▸ WHAT YOU SHOULD DO:
For the data below, retype word for word the lines from the one containing "心と体の調和を促し、ストレス" through the one containing "1. To je takmer"; drop the pictures.

▸ ENTRIES SUPPLIED:
|---|
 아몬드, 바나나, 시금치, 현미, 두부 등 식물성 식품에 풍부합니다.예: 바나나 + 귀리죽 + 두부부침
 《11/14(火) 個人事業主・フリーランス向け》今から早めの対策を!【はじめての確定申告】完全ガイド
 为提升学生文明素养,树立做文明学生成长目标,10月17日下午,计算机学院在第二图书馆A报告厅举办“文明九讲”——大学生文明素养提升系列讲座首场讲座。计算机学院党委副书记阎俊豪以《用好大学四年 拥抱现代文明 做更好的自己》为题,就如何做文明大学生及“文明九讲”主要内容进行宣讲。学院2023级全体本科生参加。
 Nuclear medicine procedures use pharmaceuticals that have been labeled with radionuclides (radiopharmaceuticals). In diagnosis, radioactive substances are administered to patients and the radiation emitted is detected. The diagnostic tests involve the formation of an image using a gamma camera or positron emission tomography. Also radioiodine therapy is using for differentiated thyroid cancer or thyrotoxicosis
|---|
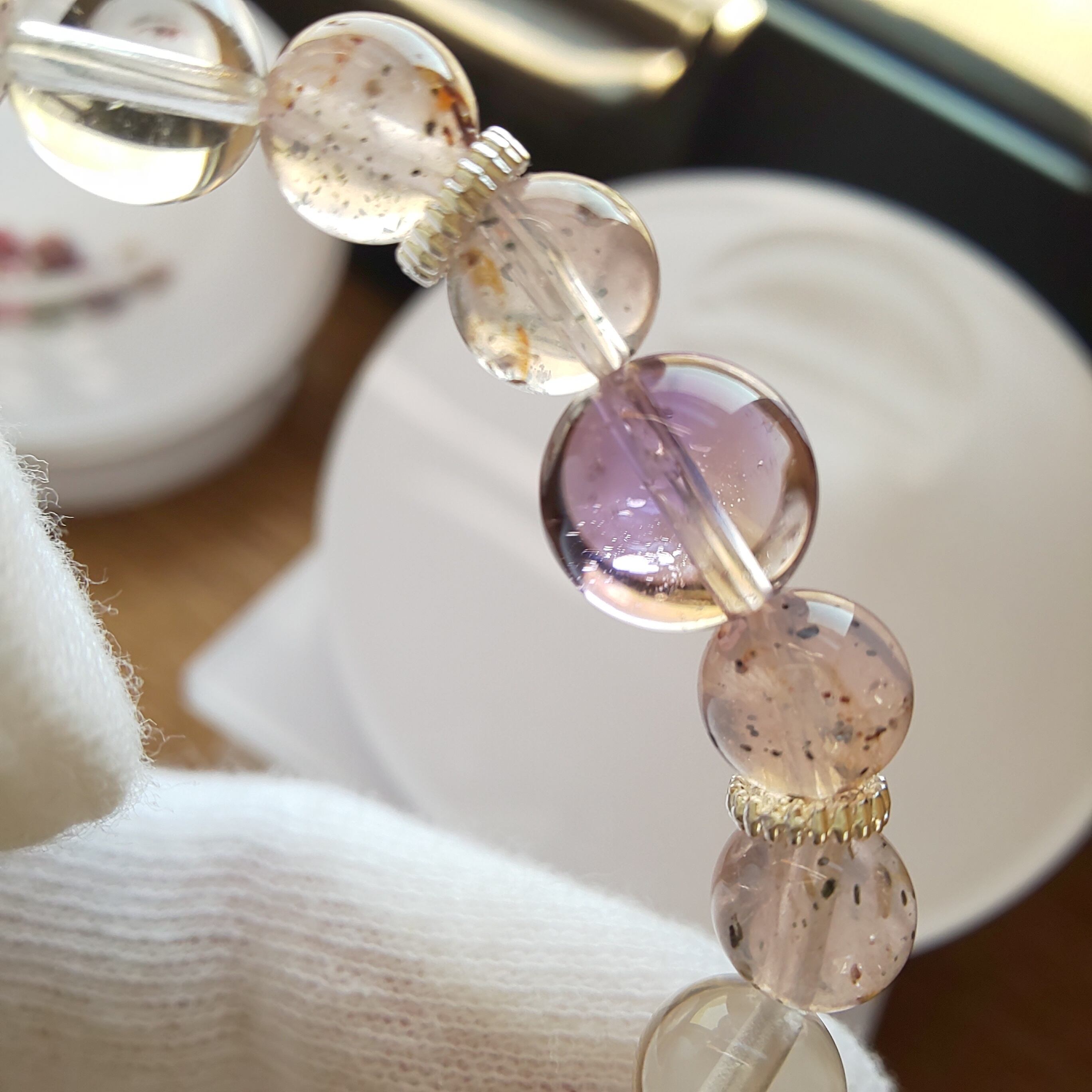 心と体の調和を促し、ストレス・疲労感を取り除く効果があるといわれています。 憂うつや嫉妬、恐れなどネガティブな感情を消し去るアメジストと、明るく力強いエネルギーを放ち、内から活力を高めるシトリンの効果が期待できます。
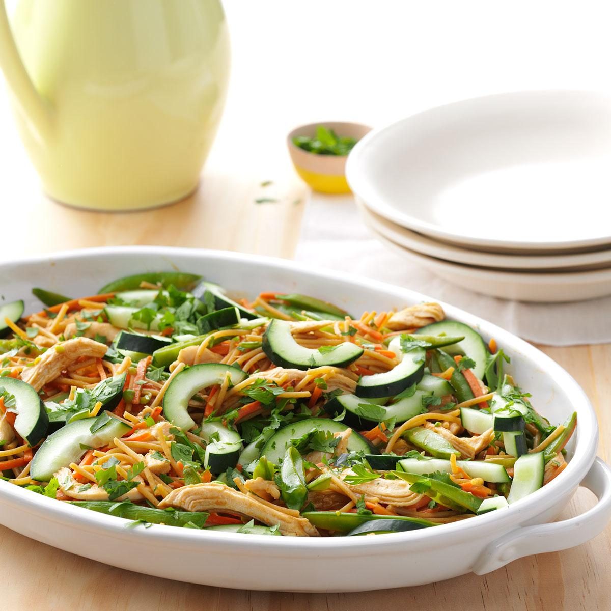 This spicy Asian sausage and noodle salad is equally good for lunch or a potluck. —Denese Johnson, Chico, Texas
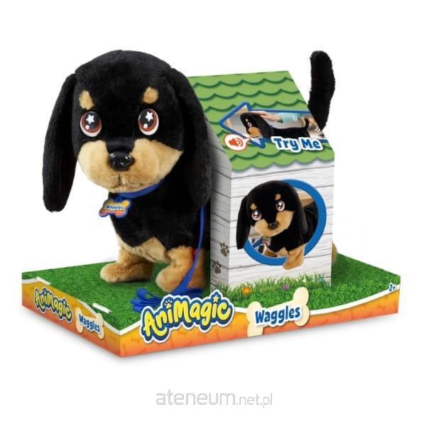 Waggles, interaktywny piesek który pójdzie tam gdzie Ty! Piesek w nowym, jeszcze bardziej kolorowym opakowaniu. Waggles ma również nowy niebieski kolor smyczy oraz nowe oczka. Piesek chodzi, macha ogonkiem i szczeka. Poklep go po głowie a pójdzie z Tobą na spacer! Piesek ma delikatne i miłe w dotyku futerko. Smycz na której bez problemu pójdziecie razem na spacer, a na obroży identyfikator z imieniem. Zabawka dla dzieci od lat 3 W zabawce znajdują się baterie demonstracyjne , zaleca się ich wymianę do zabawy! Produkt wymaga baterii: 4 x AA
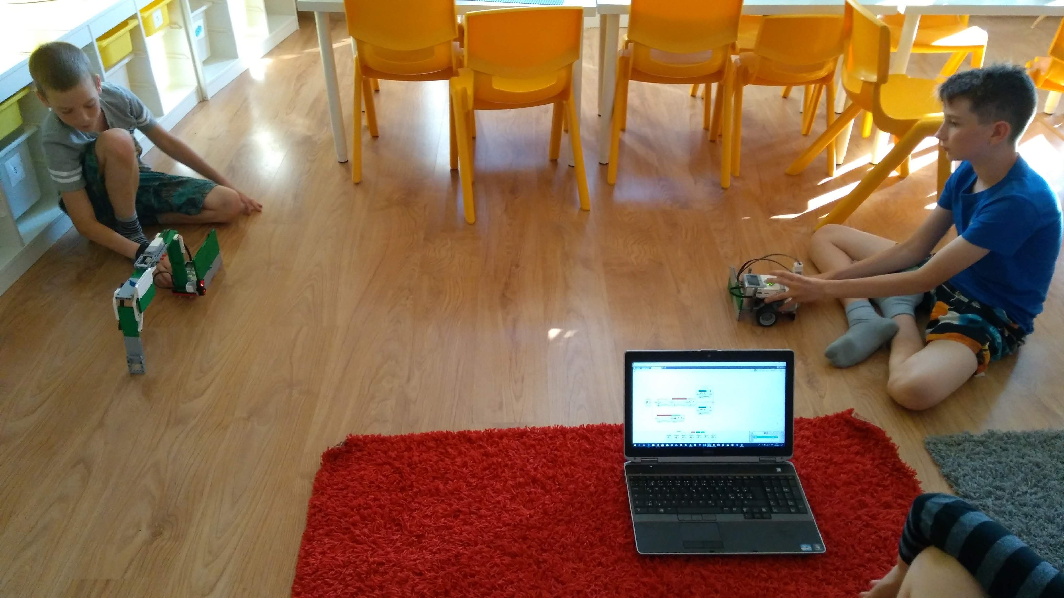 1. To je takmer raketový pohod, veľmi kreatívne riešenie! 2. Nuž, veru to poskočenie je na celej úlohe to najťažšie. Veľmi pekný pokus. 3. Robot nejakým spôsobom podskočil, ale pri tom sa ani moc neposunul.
|---|
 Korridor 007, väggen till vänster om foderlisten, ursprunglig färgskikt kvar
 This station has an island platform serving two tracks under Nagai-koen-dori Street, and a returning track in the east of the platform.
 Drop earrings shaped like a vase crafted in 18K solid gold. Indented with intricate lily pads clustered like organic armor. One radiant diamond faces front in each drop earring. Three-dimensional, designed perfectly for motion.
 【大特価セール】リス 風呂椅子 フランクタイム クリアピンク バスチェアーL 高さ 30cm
|---|
▸ REPLY TO THE TASK:
 心と体の調和を促し、ストレス・疲労感を取り除く効果があるといわれています。 憂うつや嫉妬、恐れなどネガティブな感情を消し去るアメジストと、明るく力強いエネルギーを放ち、内から活力を高めるシトリンの効果が期待できます。
 This spicy Asian sausage and noodle salad is equally good for lunch or a potluck. —Denese Johnson, Chico, Texas
 Waggles, interaktywny piesek który pójdzie tam gdzie Ty! Piesek w nowym, jeszcze bardziej kolorowym opakowaniu. Waggles ma również nowy niebieski kolor smyczy oraz nowe oczka. Piesek chodzi, macha ogonkiem i szczeka. Poklep go po głowie a pójdzie z Tobą na spacer! Piesek ma delikatne i miłe w dotyku futerko. Smycz na której bez problemu pójdziecie razem na spacer, a na obroży identyfikator z imieniem. Zabawka dla dzieci od lat 3 W zabawce znajdują się baterie demonstracyjne , zaleca się ich wymianę do zabawy! Produkt wymaga baterii: 4 x AA
 1. To je takmer raketový pohod, veľmi kreatívne riešenie! 2. Nuž, veru to poskočenie je na celej úlohe to najťažšie. Veľmi pekný pokus. 3. Robot nejakým spôsobom podskočil, ale pri tom sa ani moc neposunul.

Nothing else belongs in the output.